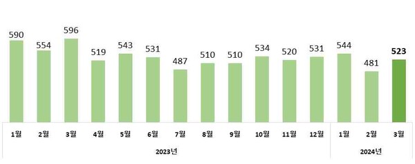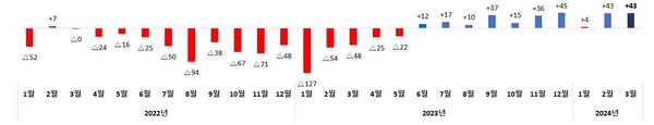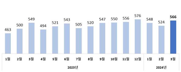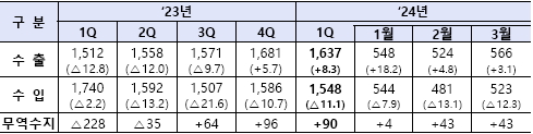 한편, 2024년 1분기 수출은 전년 동기(1,512억 달러) 대비 +8.3% 증가한 1,637억 달러를 기록했다. 월평균 수출은 546억 달러를 기록하며 역대 1분기 수출액 중 2위를 기록했다.
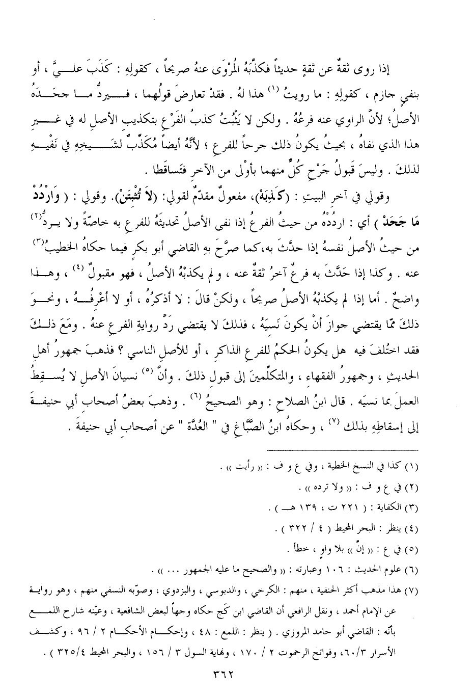 وقولي في آخرِ البيتِ كَذِبَهْ، مفعولٌ مقدّمٌ لقولي لاَ تُثْبِتَنْ وقولي وَارْدُدْ مَا جَحَدْ أي اردُدْهُ من حيثُ الفرعُ إذا نفى الأصلُ تحديثَهُ للفرعِ به خاصّةً ولا يردُّ من حيثُ الأصلُ نفسهُ إذا حدَّثَ به، كما صرَّحَ بهِ القاضي أبو بكرٍ فيما حكاهُ الخطيبُ عنه وكذا إذا حَدَّثَ به فرعٌ آخرُ ثقةٌ عنه، ولم يكذبْهُ الأصلُ، فهو مقبولٌ، وهذا واضحٌ أما إذا لم يكذبْهُ الأصلُ صريحاً، ولكنْ قالَ لا أذكرُهُ، أو لا أعْرِفُهُ، ونحوَ ذلكَ ممّا يقتضي جوازَ أنْ يكونَ نَسِيَهُ، فذلكَ لا يقتضي رَدَّ روايةِ الفرعِ عنهُ ومَعَ ذلكَ فقد اختُلفَ فيه هل يكونُ الحكمُ للفرعِ الذاكرِ، أو للأصلِ الناسي؟ فذهبَ جمهورُ أهلِ الحديثِ، وجمهورُ الفقهاءِ، والمتكلِّمينَ إلى قبولِ ذلكَ وأنَّ نسيانَ الأصلِ لا يُسقِطُ العملَ بما نسيَه قال ابنُ الصلاحِ وهو الصحيحُ وذهبَ بعضُ أصحابِ أبي حنيفةَ إلى إسقاطِهِ بذلك، وحكاهُ ابنُ الصَّبَّاغِ في العُدَّة عن أصحابِ أبي حنيفةَ
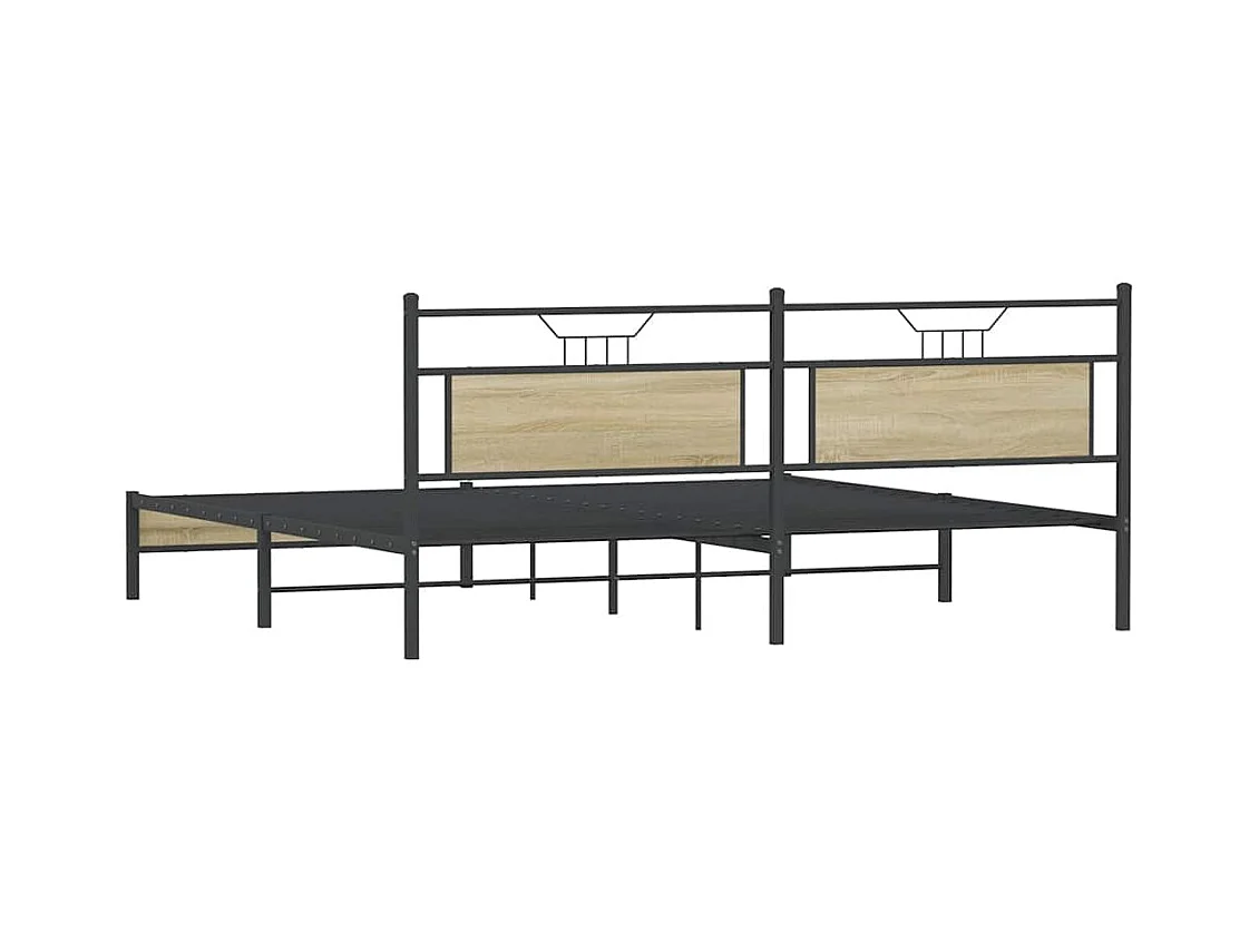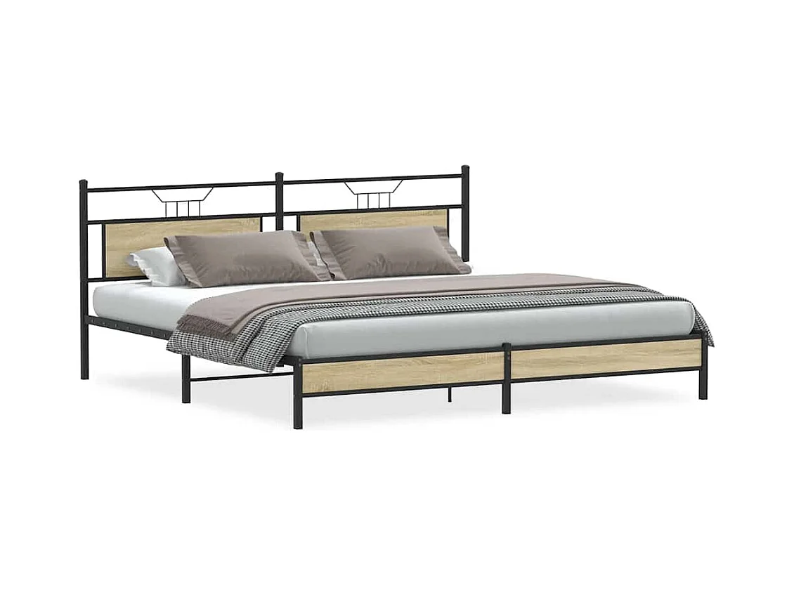 Lit adulte en métal avec tête de lit chêne sonoma 193x203 cm FR712038
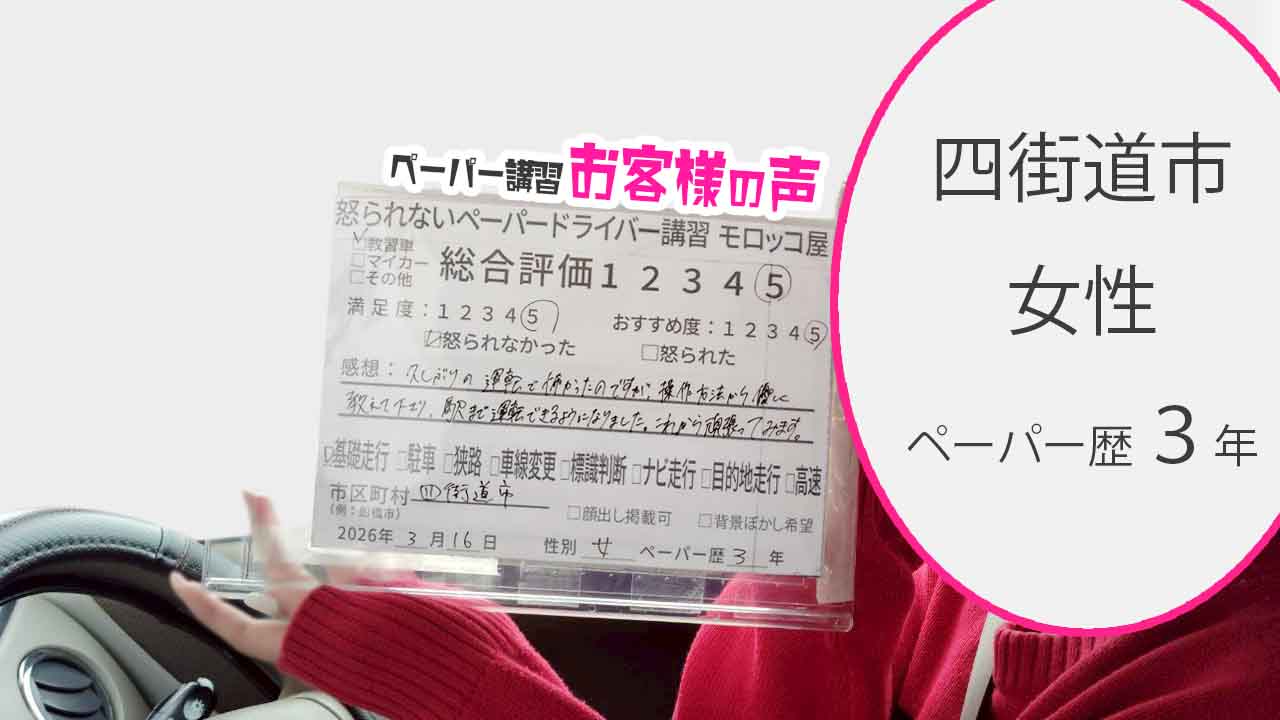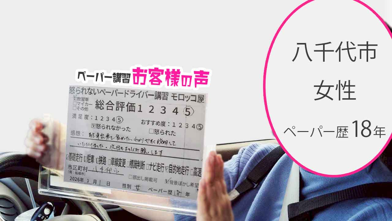 →【 口コミ 】怒られない ペーパードライバー講習 モロッコ屋 千葉

------------

### [What to work on]
Transcribe all data precisely. Pictures are not copied.

### [Problem solution]
 한편, 2024년 1분기 수출은 전년 동기(1,512억 달러) 대비 +8.3% 증가한 1,637억 달러를 기록했다. 월평균 수출은 546억 달러를 기록하며 역대 1분기 수출액 중 2위를 기록했다.
 وقولي في آخرِ البيتِ كَذِبَهْ، مفعولٌ مقدّمٌ لقولي لاَ تُثْبِتَنْ وقولي وَارْدُدْ مَا جَحَدْ أي اردُدْهُ من حيثُ الفرعُ إذا نفى الأصلُ تحديثَهُ للفرعِ به خاصّةً ولا يردُّ من حيثُ الأصلُ نفسهُ إذا حدَّثَ به، كما صرَّحَ بهِ القاضي أبو بكرٍ فيما حكاهُ الخطيبُ عنه وكذا إذا حَدَّثَ به فرعٌ آخرُ ثقةٌ عنه، ولم يكذبْهُ الأصلُ، فهو مقبولٌ، وهذا واضحٌ أما إذا لم يكذبْهُ الأصلُ صريحاً، ولكنْ قالَ لا أذكرُهُ، أو لا أعْرِفُهُ، ونحوَ ذلكَ ممّا يقتضي جوازَ أنْ يكونَ نَسِيَهُ، فذلكَ لا يقتضي رَدَّ روايةِ الفرعِ عنهُ ومَعَ ذلكَ فقد اختُلفَ فيه هل يكونُ الحكمُ للفرعِ الذاكرِ، أو للأصلِ الناسي؟ فذهبَ جمهورُ أهلِ الحديثِ، وجمهورُ الفقهاءِ، والمتكلِّمينَ إلى قبولِ ذلكَ وأنَّ نسيانَ الأصلِ لا يُسقِطُ العملَ بما نسيَه قال ابنُ الصلاحِ وهو الصحيحُ وذهبَ بعضُ أصحابِ أبي حنيفةَ إلى إسقاطِهِ بذلك، وحكاهُ ابنُ الصَّبَّاغِ في العُدَّة عن أصحابِ أبي حنيفةَ
 Lit adulte en métal avec tête de lit chêne sonoma 193x203 cm FR712038
 →【 口コミ 】怒られない ペーパードライバー講習 モロッコ屋 千葉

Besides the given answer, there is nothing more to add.